Manitoba brick operations varied greatly in size, productivity,
quality, sophistication and longevity. Research by the Province’s
Historic Resources Branch (HRB) reveals that there were about 60 major
clay sites and about 175 brick manufacturing plants that provided the
billions of bricks that were required for Manitoba’s major building
boom of the late 19th and early 20th centuries. That research also
reveals that William Kirkland’s was an important site, one of 12 of its
size and duration outside Winnipeg, St. Boniface and Portage la
Prairie, the major centres for brick manufacture in this province.
Information on brick manufacture in Manitoba is sketchy (the details of
industrial operations were not often covered in local newspapers) and
so it is only possible to provide a sense of typical operations based
on imaginative extrapolation of information from the HRB report.
First off, the work was hard. That probably goes without saying in the
late 1800s and early 1900s, when even with steam and horse power there
was still a large measure of manual labour. And it was long – 10 hour
days. The pay was modest, about $2/day, but it was steady, at least for
the duration of the season, usually from May (when the frost left) till
August or September.
Even small yards had up-to-date technologies, at least for the
brick-forming part of the operation. Steam-powered brick-makers often
turned out 15 to 20,000 bricks per day and therefore about 100,000 in a
week. A major physical aspect of a typical operation featured the large
covered drying sheds that new bricks were laid into.
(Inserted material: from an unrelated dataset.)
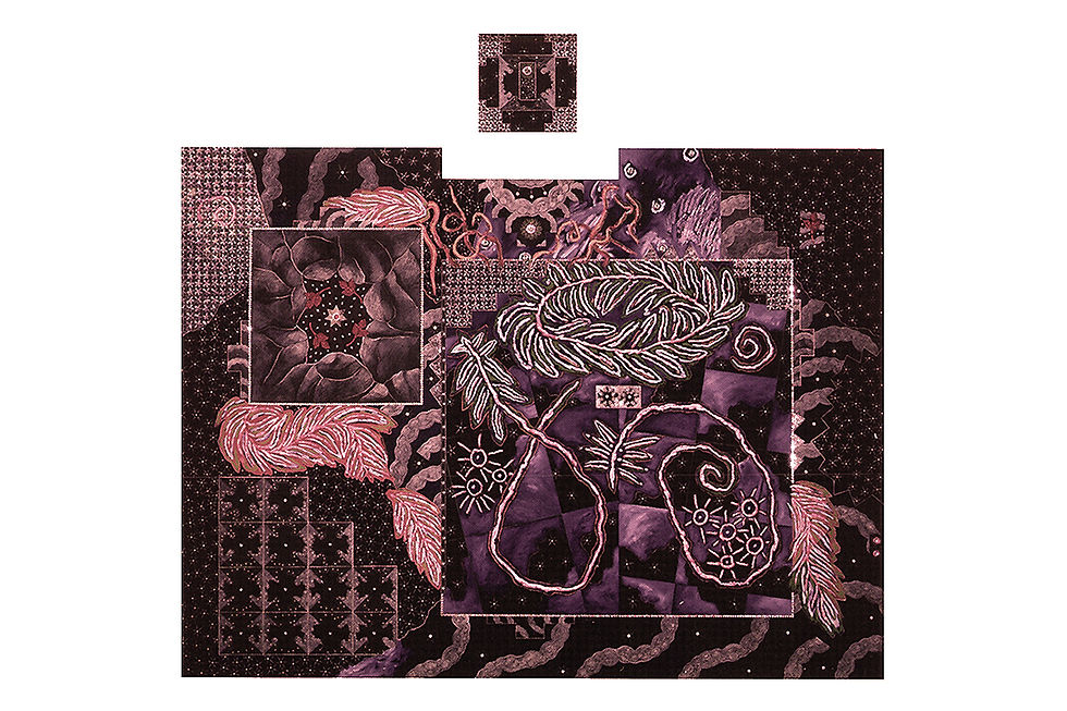 Garden at Midnight is a series of mid- to large-scale mixed media paintings on wood panels—9 extant in various stages of completion. The style of this series draws on vernacular architecture along with personally derived symbolic landscape and decorative elements, driven by myth/story/poetry. The intensely detailed surfaces along with paint that reflects light and encourages fairly dramatic shifts in color gives the effect of jewel-like miniatures done in grand scale.

It was the final stage of the brick-making operation that usually
distinguished a major from a minor yard: whether the brick was fired in
a scove or beehive kiln. It is almost certain that all of the Hartney
operations employed the scove kiln, a less sophisticated technology,
but one that was still effective enough to produce good quality brick.
Burnings lasted about seven to eight days, and when the outer shell of
bricks on a scove kiln was removed, workers discarded the disfigured
and discoloured bricks nearer the fire source. The remainder were set
into wagons for distribution to building sites, for transport on rail
lines, or for sale at the brickyard site.
There is nothing left of pits and operations of Hartney’s old
brickyards, not even photographs. But of course the many buildings
constructed with Hartney bricks are still here, and in each of them and
in every brick is a strong and enduring reminder of the toil, the
craftsmanship and of the very soil of Hartney, put up for the ages.
Brick drying sheds at the Wilson Brick Yard
near Gladstone, ca, 1898.
|
A typical scove kiln from the Leary Brick Yard
near Carman, 1895.
|
Beehive kilns at the La Riviere Brick Yards, one of
Manitoba’s major brick factories of the early 1900s.